Выбрать главу

Когда Эгор закончил читать, Мания своим спокойным тихим голосом сказала:

– Я ухожу, Эгор. Прости. Мне хорошо с тобой, но этого мало. Любви у нас так и не получилось. А это главное для меня. Ты не моя половинка.

– Как это? – удивился Эмобой. – А эти цветы? А любовные стоны и конвульсии, а бездна удовольствия? – Да, ты прав, все это есть. Но я – эмо-кид, меня не обманешь. Удовольствие видела, радость видела, даже жалость, когда ты, видимо, вспоминал, что я кукла. Благодарность видела, а любви от тебя я все-таки не дождалась. И не дождусь. Ты любишь другую. Моей любви вполне бы хватило на двоих, но это меня не устраивает. Я ищу гармонию в любви, только она даст мне долгожданные плоды. Спасибо тебе за все, прощай!

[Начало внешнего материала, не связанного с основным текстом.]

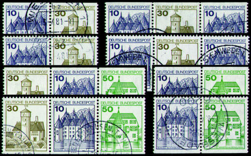 BRD Bund Zusammendrucke W63-W70 Burgen und Schlösser gestempelt
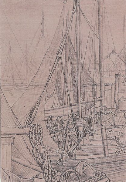 Editor: Here we have Martinus Rørbye's 1840 pencil drawing, "Parti af havnen i Palermo" – a View of the Harbour in Palermo. It’s housed at the SMK, the National Gallery of Denmark. It strikes me as quite observational, almost journalistic in its portrayal of everyday life by the sea. What do you make of it? Curator: Observational, yes! I am drawn to the stillness within the scene, the understated narrative humming quietly under the surface, a palpable sense of a specific moment captured. Perhaps this wasn't intended as a grand statement, but a collection of whispers and subtle encounters. The way he has used the pencil, too, seems like he is feeling around the edges of memory. Doesn't it feel as if he's remembering the light? What stands out for you most, apart from its journalistic feeling? Editor: I think the candidness. Everyone seems to be caught mid-action. Is that typical of the Romanticism movement? I always associate it with really dramatic, posed scenes. Curator: Ah, a common misconception! Romanticism wasn't *just* about the grandiose; it also celebrated the intimate connection with nature, and that often involved simply observing life unfolding around you. Rørbye wasn’t afraid of a more understated beauty. He sought truth in the everyday, in fleeting glimpses. He lets us glimpse the soul of Palermo through the gentle application of pencil. He captures it by observing the dance between light and shadow. I am now wondering if it reminds us of the impermanence of any single, pure viewpoint...What do you think about that? Editor: Hmmm, I didn't catch that at first but it’s something I'll keep in mind. The details are what truly convey his intention and what really sticks with me! Curator: Exactly! It makes me want to walk around Palermo, just looking at the everyday scenes. It seems the deepest truths lie hidden in those little details.
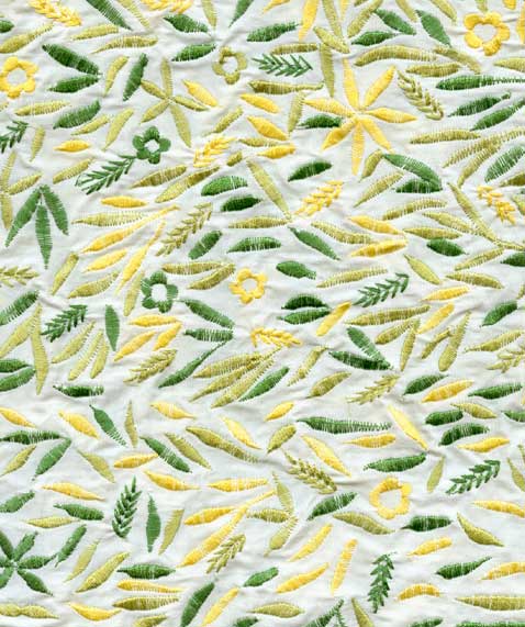 一个叫晓冬的女孩在绣花机上练手。我经过,看她的布上就用的金黄色的线绣了这些她自己创作的图案——惊叹!于是我找了一块大的布,配了这三种色,让她满绣。这就是她的作品,我取名“秋实”。
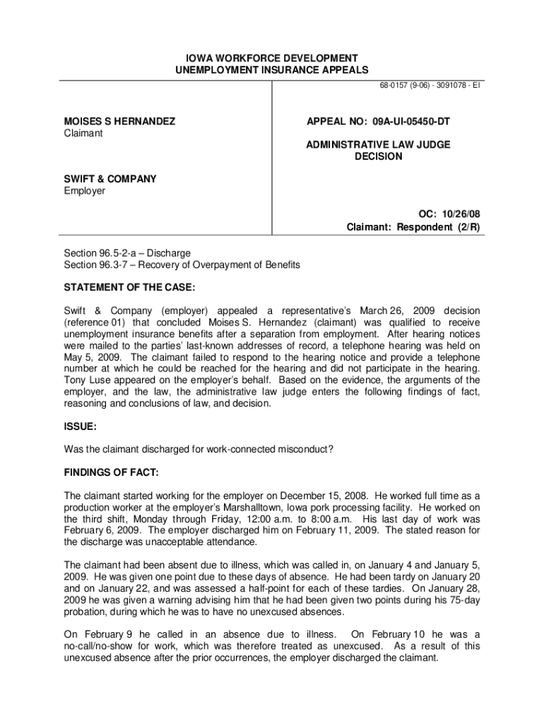 IOWA WORKFORCE DEVELOPMENT UNEMPLOYMENT INSURANCE APPEALS 680157 (906) 3091078 MOISES S HERNANDEZ ClaimantAPPEAL NO: 09AUI05450DT ADMINISTRATIVE LAW JUDGE DECISION SWIFT & COMPANY Employer OC: 10/26/08
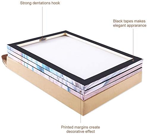 Canvas paintings are all wrapped and stretched on wooden frame with hooks mounted on each panel for easy hanging.
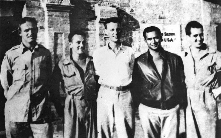 二战期间,被新四军营救的5名美国飞虎队飞行员在新四军驻地合影(1944年8月摄)。新华社发
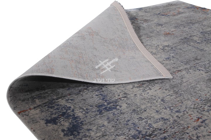 שטיח אבסטרקט מעוצב בכתמי כחול ונגיעות בכתום
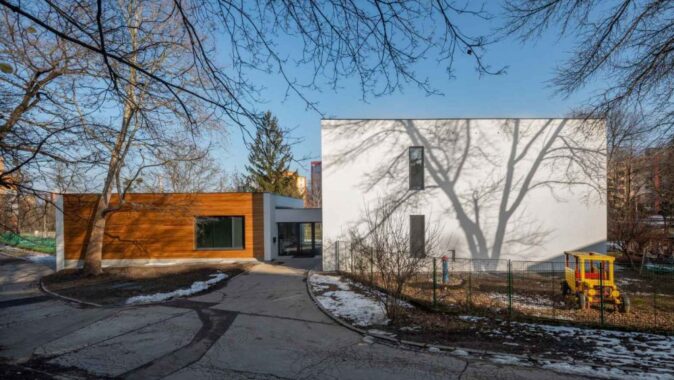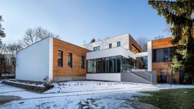 Architektonický výraz návrhu vycházel z původního charakteru stavby. Jedná se o pavilonový princip výstavby doplněný o propojovací komunikační krček. Snažili jsme se o návrat k jednoduchému řešení s použitím dřevěné fasády. Objekt s přírodními prvky a vzrostlou zelení, v blízkosti potoka, navazuje na historii dřevěných staveb v tomto místě. Navrhli jsme velkorysé prosklení s výhledy do okolí, obnovili jsme pásová okna, otevřeli vnitřní atrium a také odstranili přední oplocení zahrady.
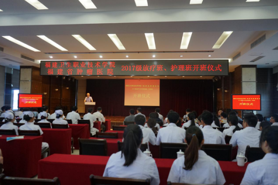 2018年9月3日上午,我院黨委書記曾武祈、院長(zhǎng)蘇友新、副院長(zhǎng)鄭翠紅率隊(duì)先后前往福建省立醫(yī)院、福建省腫瘤醫(yī)院、福州東南眼科醫(yī)院出席2017級(jí)護(hù)理、影像技術(shù)(放射治療方向)、眼視光技術(shù)專業(yè)校企合作班開班儀式。參加開班儀式的還有各醫(yī)院領(lǐng)導(dǎo),雙方有關(guān)職能科室負(fù)責(zé)人,學(xué)院相關(guān)系部主任、專業(yè)帶頭人、教研室主任及四個(gè)班級(jí)的全體學(xué)生。
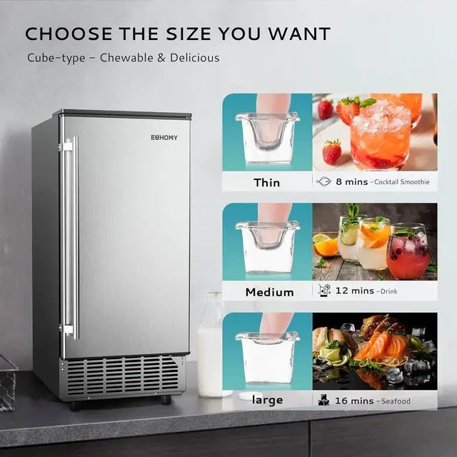 Reversible Door & Cold Insulation: The stainless steel ice maker machine door with a handle can be installed with left or right hinges, allowing you to choose the opening direction according to your needs. The 3-layer housing material ensures longer-lasting ice cubes, preventing them from melting quickly.
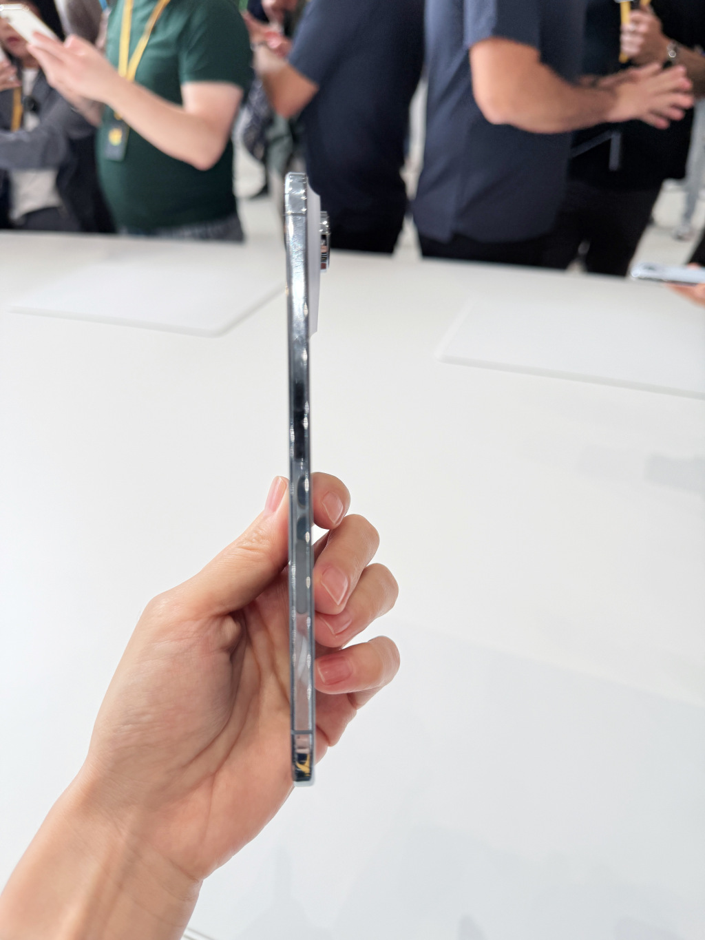 多位在場(chǎng)體驗(yàn)者表示,這是他們用過“最輕薄”的iPhone,甚至有人表示,購機(jī)時(shí)將“在Pro和Air之間猶豫不決”。蘋果稱,這一突破得益于更輕的合金材質(zhì)和重新設(shè)計(jì)的機(jī)身結(jié)構(gòu)。

И она встала и ушла из цветущей комнаты, так же бесшумно и быстро, как когда-то здесь появилась. Эгор тихо оделся, лег на спину, подложив сумку под голову, и закрыл глаз. Ему стало больно, обидно, в горле колючим комом стояли слова, которые он не сказал Мании. Да и зачем, если все, что она говорила, чистая правда. Ему было хорошо с ней, но сердце сто по-прежнему висело на стене в комнате улыбчивой девчонки из другого мира. Так он и лежал, жалел себя и плакал, пока растения в комнате не стали гнить из-за высокой влажности. Поддавшись всеобщему тлену в комнате забытой любви, Эгор из солидарности с цветами тоже решил увять. Он перестал плакать, мысли его замедлили свой ход и перестали читаться, превратившись в серый телевизионный шум. Спина и конечности одеревенели, крылья-тряпочки, как осенние листья, прели под лопатками, волосы на затылке слиплись и спутались с погибающими растениями, челка упала на пол и пыталась пустить корни. Жизненные соки и токи в его организме теперь не бежали, а шли медленным шагом, совсем уже зажившая было рана на груди снова капельно закровоточила, как порез на березе весной. По его телу стали ползать короеды сомнений, мокрицы совести и черви сожалений. Его бы точно съели или превратили в нафаршированного насекомыми зомби, если бы однажды в комнату не вошли четыре здоровенных бугая.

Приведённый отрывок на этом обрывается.